- Opening Delimiter -

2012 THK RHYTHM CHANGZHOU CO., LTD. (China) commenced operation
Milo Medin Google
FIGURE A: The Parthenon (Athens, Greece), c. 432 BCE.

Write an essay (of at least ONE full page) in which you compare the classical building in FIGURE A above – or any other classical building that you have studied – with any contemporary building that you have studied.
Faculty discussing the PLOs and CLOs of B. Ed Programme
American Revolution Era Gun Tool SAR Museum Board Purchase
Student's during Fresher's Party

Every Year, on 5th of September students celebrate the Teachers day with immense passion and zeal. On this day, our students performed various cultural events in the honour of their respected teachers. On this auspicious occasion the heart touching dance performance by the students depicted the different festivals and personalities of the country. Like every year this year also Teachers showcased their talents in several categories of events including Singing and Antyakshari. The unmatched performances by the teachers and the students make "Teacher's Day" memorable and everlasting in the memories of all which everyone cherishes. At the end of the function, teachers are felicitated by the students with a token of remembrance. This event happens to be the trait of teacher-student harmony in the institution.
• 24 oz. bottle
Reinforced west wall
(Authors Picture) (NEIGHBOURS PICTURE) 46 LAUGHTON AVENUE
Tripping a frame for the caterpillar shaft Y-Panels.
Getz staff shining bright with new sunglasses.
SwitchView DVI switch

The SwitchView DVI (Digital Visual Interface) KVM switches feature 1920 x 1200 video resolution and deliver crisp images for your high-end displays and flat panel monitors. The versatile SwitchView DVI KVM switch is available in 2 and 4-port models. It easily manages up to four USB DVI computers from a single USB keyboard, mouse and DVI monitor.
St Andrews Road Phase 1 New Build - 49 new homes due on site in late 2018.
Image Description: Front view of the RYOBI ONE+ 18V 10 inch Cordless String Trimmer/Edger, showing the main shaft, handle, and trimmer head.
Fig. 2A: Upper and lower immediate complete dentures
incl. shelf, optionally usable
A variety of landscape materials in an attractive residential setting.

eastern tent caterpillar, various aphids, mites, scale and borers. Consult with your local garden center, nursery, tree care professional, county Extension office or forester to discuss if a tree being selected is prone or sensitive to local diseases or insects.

- Closing Delimiter -
- Opening Delimiter -

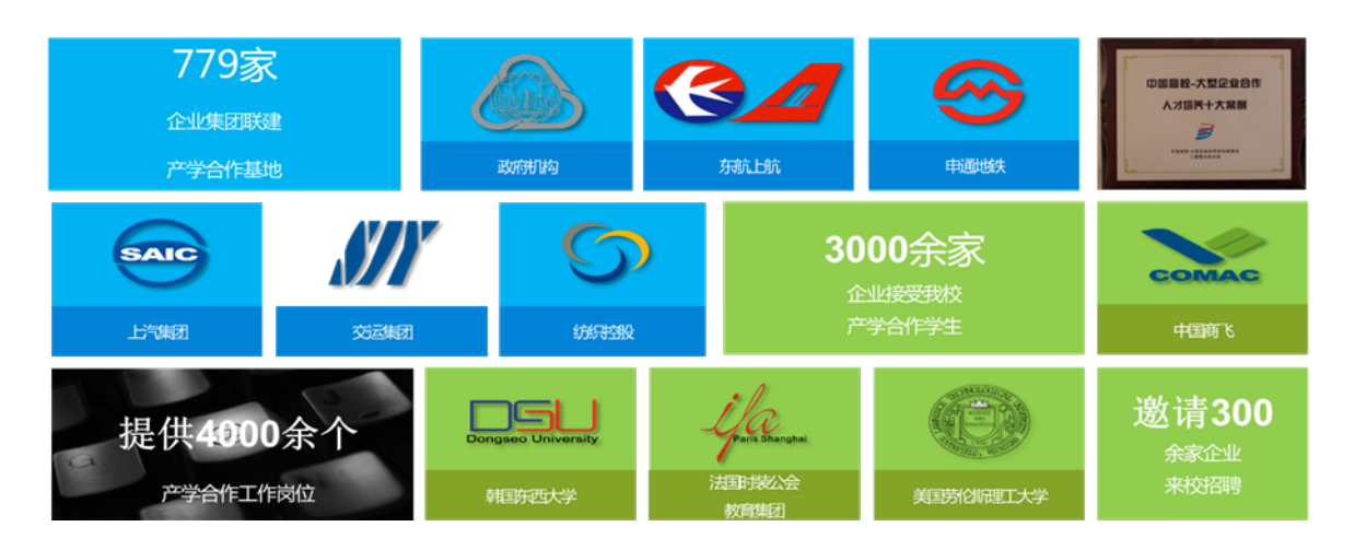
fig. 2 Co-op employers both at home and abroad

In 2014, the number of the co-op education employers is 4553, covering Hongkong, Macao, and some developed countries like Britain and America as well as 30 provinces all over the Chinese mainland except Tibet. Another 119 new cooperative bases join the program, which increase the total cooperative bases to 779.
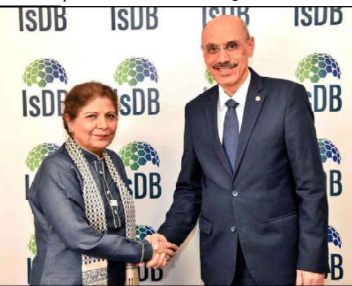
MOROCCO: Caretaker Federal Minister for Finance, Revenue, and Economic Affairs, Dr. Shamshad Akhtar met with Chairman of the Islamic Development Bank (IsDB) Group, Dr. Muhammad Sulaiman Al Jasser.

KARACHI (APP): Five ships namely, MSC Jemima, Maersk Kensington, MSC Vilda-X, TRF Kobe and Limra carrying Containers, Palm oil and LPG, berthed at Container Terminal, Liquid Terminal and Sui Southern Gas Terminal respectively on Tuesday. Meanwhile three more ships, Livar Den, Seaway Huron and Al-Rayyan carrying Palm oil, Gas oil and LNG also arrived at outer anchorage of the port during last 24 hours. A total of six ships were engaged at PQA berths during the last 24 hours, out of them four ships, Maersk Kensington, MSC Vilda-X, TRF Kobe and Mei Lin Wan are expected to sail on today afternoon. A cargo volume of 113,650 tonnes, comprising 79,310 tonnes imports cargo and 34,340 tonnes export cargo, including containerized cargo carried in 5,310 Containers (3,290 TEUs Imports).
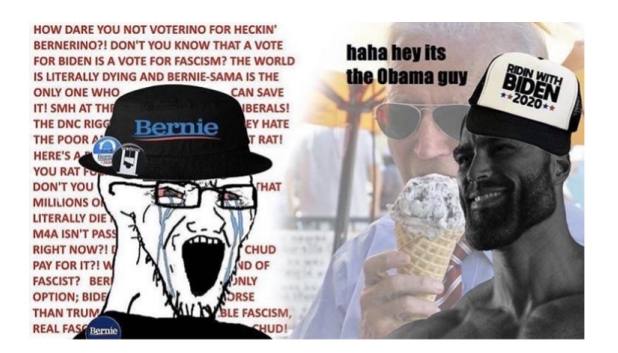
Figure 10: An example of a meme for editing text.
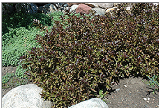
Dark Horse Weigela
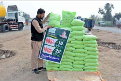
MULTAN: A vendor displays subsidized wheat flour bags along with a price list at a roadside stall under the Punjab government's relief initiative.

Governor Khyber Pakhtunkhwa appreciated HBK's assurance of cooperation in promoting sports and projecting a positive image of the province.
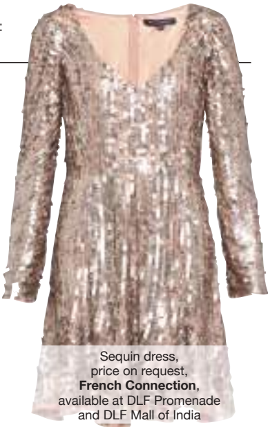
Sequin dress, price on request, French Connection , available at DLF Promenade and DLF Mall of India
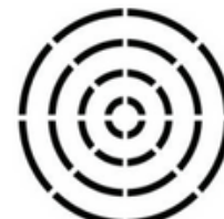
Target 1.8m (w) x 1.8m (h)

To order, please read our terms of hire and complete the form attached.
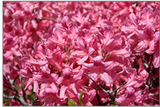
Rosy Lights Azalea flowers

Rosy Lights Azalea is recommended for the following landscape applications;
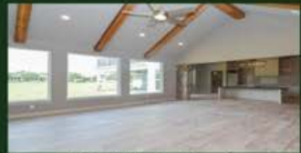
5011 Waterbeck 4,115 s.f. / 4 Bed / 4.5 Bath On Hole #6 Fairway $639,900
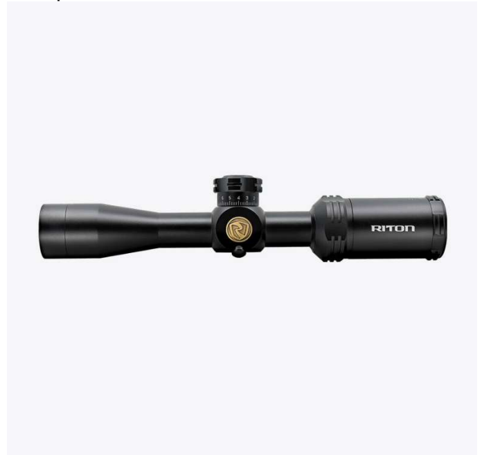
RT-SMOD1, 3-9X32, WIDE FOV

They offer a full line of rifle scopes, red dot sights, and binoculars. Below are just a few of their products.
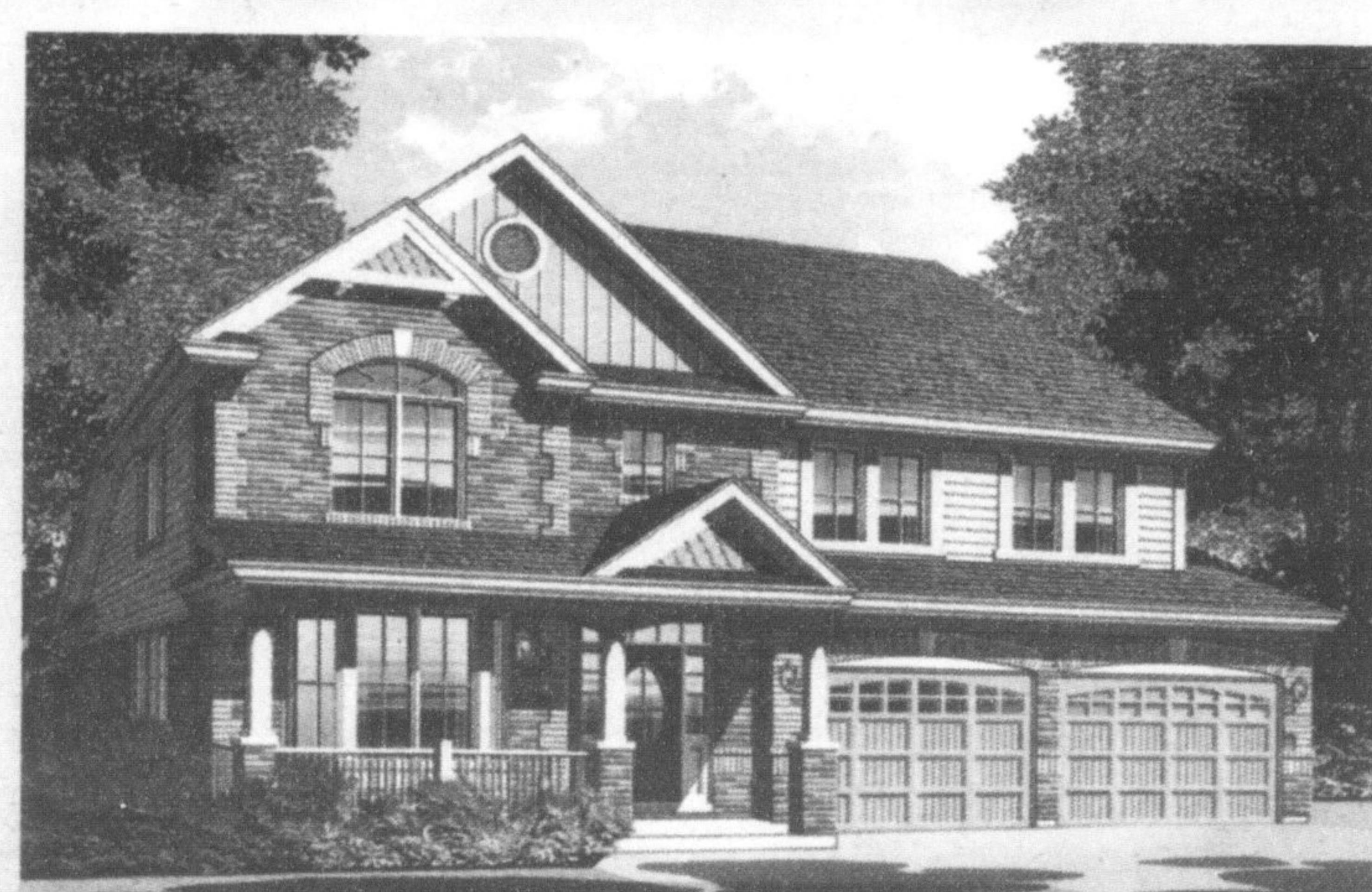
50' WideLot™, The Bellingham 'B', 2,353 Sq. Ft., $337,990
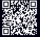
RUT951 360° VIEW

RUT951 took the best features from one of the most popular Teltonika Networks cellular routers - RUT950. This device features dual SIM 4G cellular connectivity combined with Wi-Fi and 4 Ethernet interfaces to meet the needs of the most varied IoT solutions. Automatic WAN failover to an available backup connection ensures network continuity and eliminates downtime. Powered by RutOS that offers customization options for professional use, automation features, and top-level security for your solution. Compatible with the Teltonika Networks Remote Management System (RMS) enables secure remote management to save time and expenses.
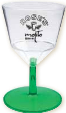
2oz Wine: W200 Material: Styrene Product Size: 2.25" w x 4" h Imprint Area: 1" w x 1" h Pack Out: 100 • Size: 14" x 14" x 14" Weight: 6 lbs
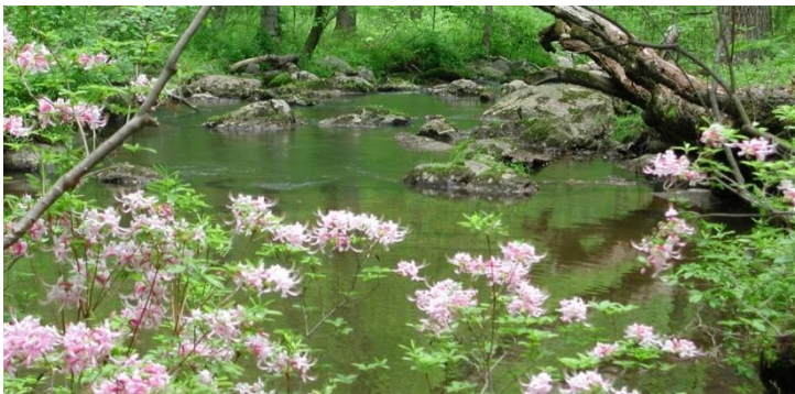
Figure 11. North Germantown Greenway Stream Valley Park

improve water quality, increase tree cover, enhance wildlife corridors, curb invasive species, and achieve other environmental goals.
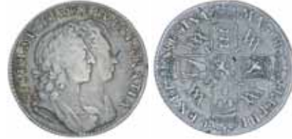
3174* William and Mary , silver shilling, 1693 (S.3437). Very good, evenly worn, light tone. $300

- Closing Delimiter -
- Opening Delimiter -

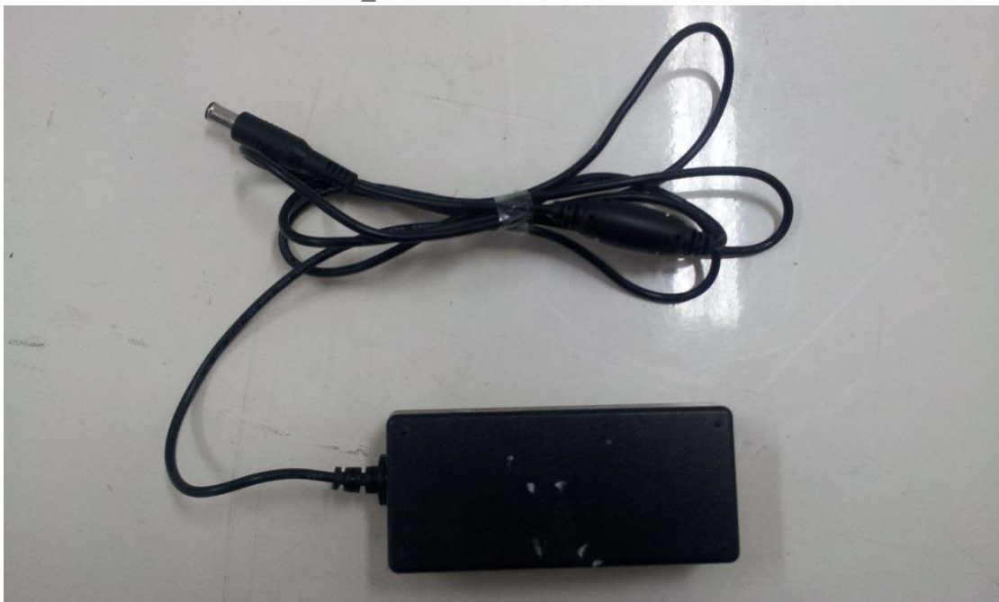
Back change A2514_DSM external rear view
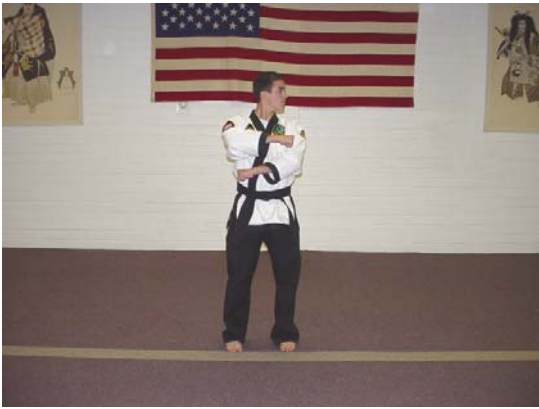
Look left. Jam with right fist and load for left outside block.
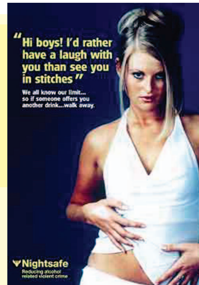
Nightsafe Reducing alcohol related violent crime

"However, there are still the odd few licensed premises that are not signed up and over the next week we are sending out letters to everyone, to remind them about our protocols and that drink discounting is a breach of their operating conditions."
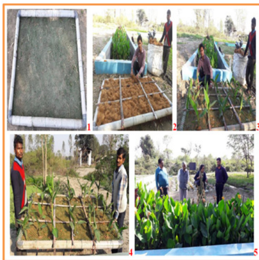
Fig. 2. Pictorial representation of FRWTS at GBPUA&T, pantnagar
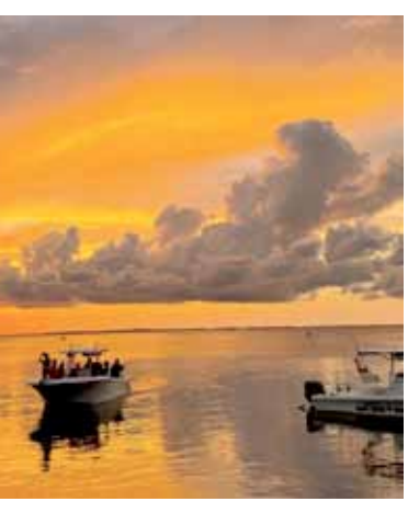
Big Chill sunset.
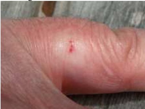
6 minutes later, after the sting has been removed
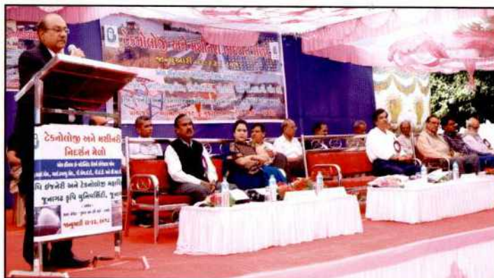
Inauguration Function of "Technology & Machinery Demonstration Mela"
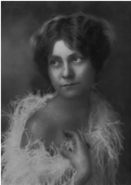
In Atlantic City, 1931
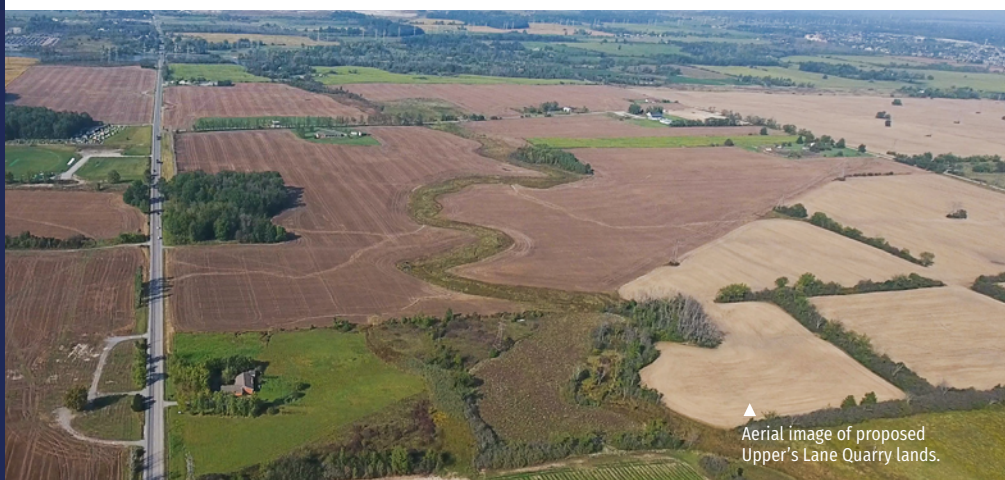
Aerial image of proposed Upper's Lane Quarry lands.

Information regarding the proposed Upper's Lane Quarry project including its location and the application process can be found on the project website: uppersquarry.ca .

- Closing Delimiter -

Exercise brief: Repeat, exactly as they stand above, the lines from the line with "fig. 2 Co-op" to the line with "In 2014, the", both lines included.

Result of this exercise:
fig. 2 Co-op employers both at home and abroad

In 2014, the number of the co-op education employers is 4553, covering Hongkong, Macao, and some developed countries like Britain and America as well as 30 provinces all over the Chinese mainland except Tibet. Another 119 new cooperative bases join the program, which increase the total cooperative bases to 779.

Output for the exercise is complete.